How to perform a hierarchical clustering using interactive heatmaps in Gitools

In the latest version of Gitools, version 2.1, we have improved the clustering of heatmaps. Here we explain in detail on how to perform and interpret the hierarchical clustering result – and why it is a bit different than the rest.

Hierarchical clustering in Gitools: The lines in the header represent the hierarchical tree splitting, the root at the bottom, the leafs at the top

Hierarchical clustering in Gitools: The lines in the heatmap header represent the hierarchical tree (Dendrogram) splitting at different levels. The root of the tree is located at the bottom, the leafs at the top. See video at YouTube

Perform a hierarchical clustering

Once we are viewing a data heatmap on which we would like to perform a clustering, we can achieve this by selecting the menu Analysis > Clustering. A wizard dialog will pop up that asks which clustering and how we want to perform.

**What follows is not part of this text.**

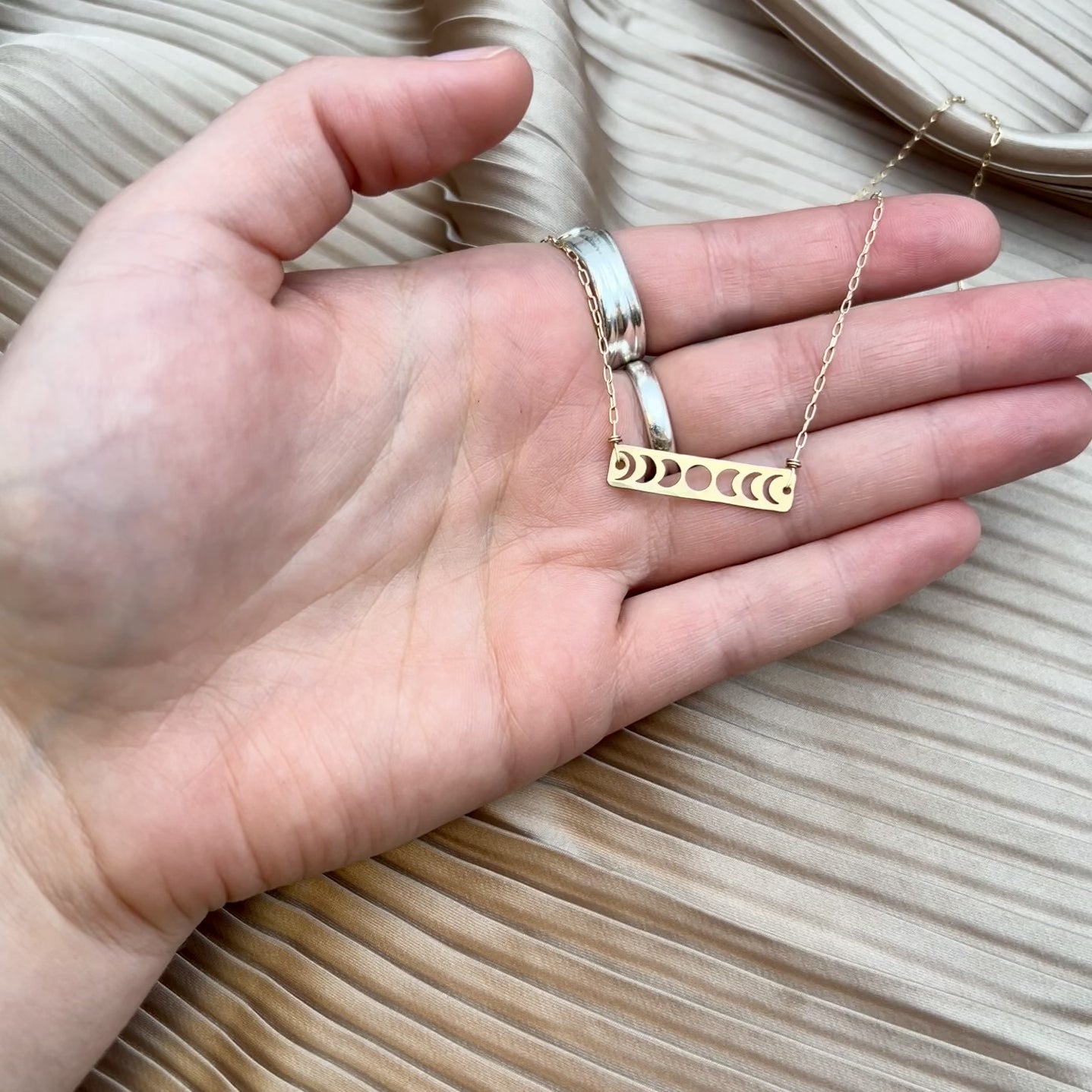 Moon phase cut out pendant on a 14 karat gold filled chain.

See a short video on hieararchical clustering at YouTube:

In the first step we want to select hierarchical clustering and if we want to cluster columns or rows. Furthermore if we were not viewing the values we want to cluster, we change the “Take values from” selection.

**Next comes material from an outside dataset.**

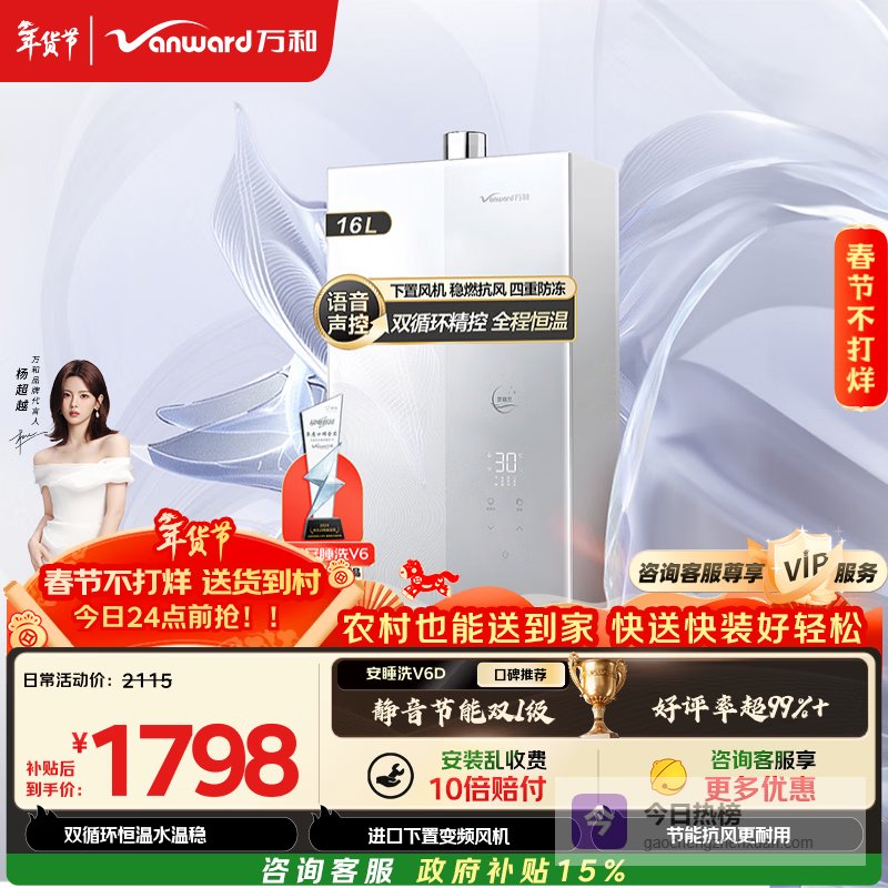推荐理由:这款万和JSQ30-V6D16燃气热水器,采用双循环恒温技术,保证每次出水都能保持0.1℃的精准温度调节,洗澡时完全不用担心水温忽冷忽热,体验非常舒适。它还能实现全程恒温快速出热水,让你一开即享受热水,不用等太久。

The second step gives us the chance to modify the distance measurement. If you do not have any special requirements, go ahead and directly hit the Finish button. After a moment the clustering should be finished and the hierarchical tree visible, explained in detail in the next section.

The result: Hierarchical tree, heatmap header, heatmap order and bookmark

One challenging issue with clustering in Gitools was how to show the clustering results while maintaining the interactive capabilities of the heatmap. We solved this by showing the hierarchical organization of the columns or rows as colored bars (see figure above). In addition the Newick tree is also provided.

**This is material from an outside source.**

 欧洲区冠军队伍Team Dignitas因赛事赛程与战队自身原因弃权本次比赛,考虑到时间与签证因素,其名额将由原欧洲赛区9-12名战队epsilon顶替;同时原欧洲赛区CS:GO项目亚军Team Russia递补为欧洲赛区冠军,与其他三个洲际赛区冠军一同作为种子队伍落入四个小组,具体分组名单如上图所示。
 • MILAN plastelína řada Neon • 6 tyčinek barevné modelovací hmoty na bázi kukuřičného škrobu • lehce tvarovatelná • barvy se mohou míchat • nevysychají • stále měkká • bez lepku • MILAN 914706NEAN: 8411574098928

The result of the hierarchical clustering are four things:

  • Hierarchical tree or Dendrogram. The tree is painted as a static image in a new tab. This image can be exported to an image via File > Export Hierarchical tree as image.
  • A Heatmap header. As header of the heatmap, 10 levels of the hierarchical tree are added.
  • Heatmap order. The order of the heatmap is changed according to clustering. While it respects the order of the splits, we calculate the in which order the different leafs of the tree should go by a density function. This guarantees that different clusters (or leaves) which are more similar to each other are placed one besides the next avoiding creating a perception of “artificially distinct” clusters.
  • A Bookmark. After after applying the clustering order we add a one-dimensional bookmark to Gitools which contains the exact order of the clustered dimension (rows or clumns). In case the heatmap order has been changed this bookmark can be applied

How to interpret the hierarchical trees as colored bars/clusters

The header that has been added to the heatmap is a summary of the hierarchical tree. In the image above a hierarchical clustering header for the columns is seen. By default 10 different levels of the hierarchical tree are being displayed. Closest to the heatmap, at the bottom, the root level of the tree is shown. Each level towards the contains more splits.

Some properties to consider for interpretation the above image:

  • Broad and detailed clusters. In the image above, each horizontal line represents the split branches of the hierarchical tree at different levels. You may decide which level(s) works best for you, depending on how many clusters you want to have. The more levels you move up, the more fine-grained the clusters are.
  • Outliers columns become leafs fast. That means that after very few splits they are considered as clustered and therefore receive not any more clusters in upper levels. In the heatmap header this is reflected as white space. The left-most columns in the image, have become leafs after level 5.
  • Peaks represent regions of higher similarity. As outliers soon receive no clusters, the columns with many clusters assigned (horizontal bars at many levels) are the ones that are more difficult to tell apart for the algorithm. As a consequence peaks or high plateaus form. In some cases these may be useful to tell apart with great detail two columns, in other cases the similarity is high enough so this information can be overlooked.

And remember, the whole heatmap with the hiearchical clustering header can be exported to an image via Export > Save heatmap to image.